Hi @Barry ,
To answer your question on whether all mothers are tested for hepatitis B, the short answer is that they are supposed to be (it is standard of care), but real-world data shows that in the US, the screening is done about 85% of the time, meaning that 15% of women are never tested. Also, transmission of hepatitis B in the womb is rare (though this can happen, especially if a procedure such as amniocentesis is performed), so for the vast majority of babies born to HBsAg positive mothers, their first exposure to the virus is at the time of birth. The rationale behind giving the vaccine at birth is that it can give the immune system enough of a boost to prevent the infection from taking hold. I actually think it’s pretty remarkable that the vaccine works as well as it does for post-exposure prophylaxis!
I also think that giving the vaccine to infants is the best way for us to get high vaccine coverage rates across the population. Like you said, adults with behavioural risk factors are not coming forward to get the vaccine, because many healthy adults don’t see their doctor regularly. I also think that if we do what you’re suggesting, and do away with official recommendations, and just rely on patients to make decisions for themselves, I think that we as patients need to take responsibility for those decisions, where we can’t really blame the doctors anymore for not recommending the vaccine if it’s not part of the standard of care. That’s also why I think it’s important to prioritize vaccinating infants/children, because babies don’t have any decision-making capacity of their own, so they rely on adults to protect them.
If we assumed hypothetically that adults and children were all equally likely to have an acute infection turn chronic, I would actually agree with your suggestion to focus on vaccinating adults. But that’s not what we see from the data. I also want to add that the protection from the hepatitis B vaccine lasts for several decades (possibly lifelong, but the current vaccines have only been around for ~40 years), so it’s likely that if it had been routine when you were a child, you would still be protected today.

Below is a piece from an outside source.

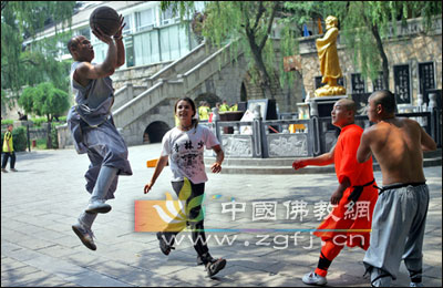 河南少林寺武僧和来自美国在少林寺学艺的女学生一起打篮球。长期以来,少林寺坚持开放的文化观念,使佛教精神得到有效弘扬和传播。(稿源:人民摄影报)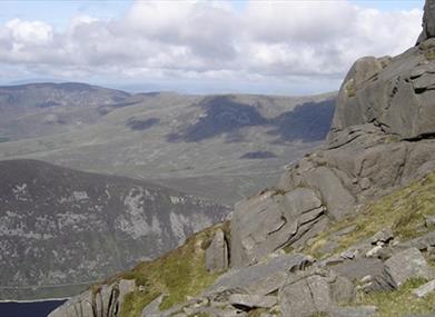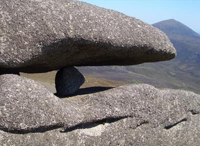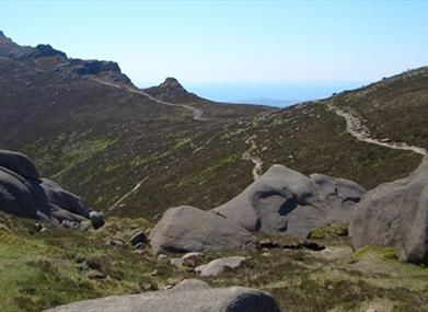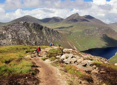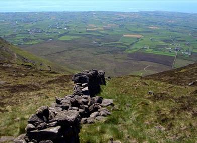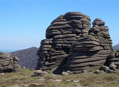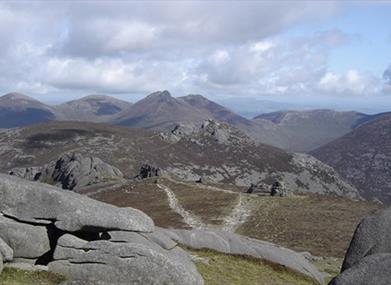 From the Carrick Little car park, follow a clear, stony track that rises gently between the fields. Note the boulder walls alongside, and the high mountains around the distant head of Annalong Valley. Cross a stone step stile beside an iron gate and turn left to follow the Mourne Wall uphill. The wall rises steeply on the rugged slopes of Slieve Binnian, but it is an obvious line to follow almost all the way to the summit. There is a break when the wall runs into a bare face of granite, and before this point you should drift to the right and aim for a notch in the top of the mountain. Going all the way to the summit at 2449ft (747m) involves using your hands and taking care on the rock. The reward is an exceedingly fine panorama of the surrounding mountain. In clear weather it's possible to see the Isle of Man out to sea and the Wicklow Mountains beyond Dublin. Pick your way carefully around the base of the Summit Tor and continue walking along the ridge of the Mountain. You cross a broken wall and follow a clear path past the Back Castles. These are a handful of wrinkly little tors that you don't have to grapple with. Simply enjoy the views as you walk past them. The North Tor is a monstrous outcrop of granite towards the end of the crest, and the path passes it on the left side. The ground slopes away more steeply as the path wanders through the heather, past boulders and outcrops of granite on the way down to a prominent gap - the col between Slieve Lamagan and Slieve Binnian. At the col turn right and follow a clear path downhill. This passes close to the Blue Lough and by keeping right at junctions with other paths, you'll be led down to a clear track passing a corner of Annalong Wood. Simply follow the track alongside the Forest fence and return to the iron gate in the Mourne Wall. Cross the wall using the stile and follow the track back to Carrick Little car park. Please be aware - although, there are numerous walking routes in the Mournes, the majority of these popular walks are not formally designated public rights of way. Most routes have developed over time due to traditional use. Below 600 feet (180m) most land is privately owned and is farmed or grazed. Many of the traditional access routes cross this land or pass along farm lanes and quarry tracks. Access is only available therefore through the tolerance and goodwill of the landowners. Walkers are advised to respect that they may be walking on private land and are encouraged to make themselves aware of and adhere to the principles of Leave No Trace' - www.leavenotraceireland.org

I am adopted from China, and grew up in Toronto, Canada. Unfortunately, Canada does not have nationwide birth dose (or even infant) vaccination, though there are multiple groups trying to push for this. I found this paper showing the cost-effectiveness of infant (and birth dose) vaccination. The analyses here estimate that there are a non-negligible number of children who are not born to HBsAg-positive mothers, who are still catching hep B before age 10. That being said, I don’t think delaying the vaccine until 2 months old is the end of the world, especially if we still continue to vaccinate babies at birth if their mothers were not tested. It actually concerns me more that the current advisory committee is suggesting that people only need one dose of the hep B vaccine and should have their antibody levels tested to see if they need more. @chari.cohen also covered that in her interview, and the data suggest that if we move forward with that approach, only about 25% of people would develop protective immunity, and that immunity also may not be long-lasting (we don’t know because there are no longitudinal studies evaluating a single dose schedule).
Sorry for the long reply, but I hope this helps.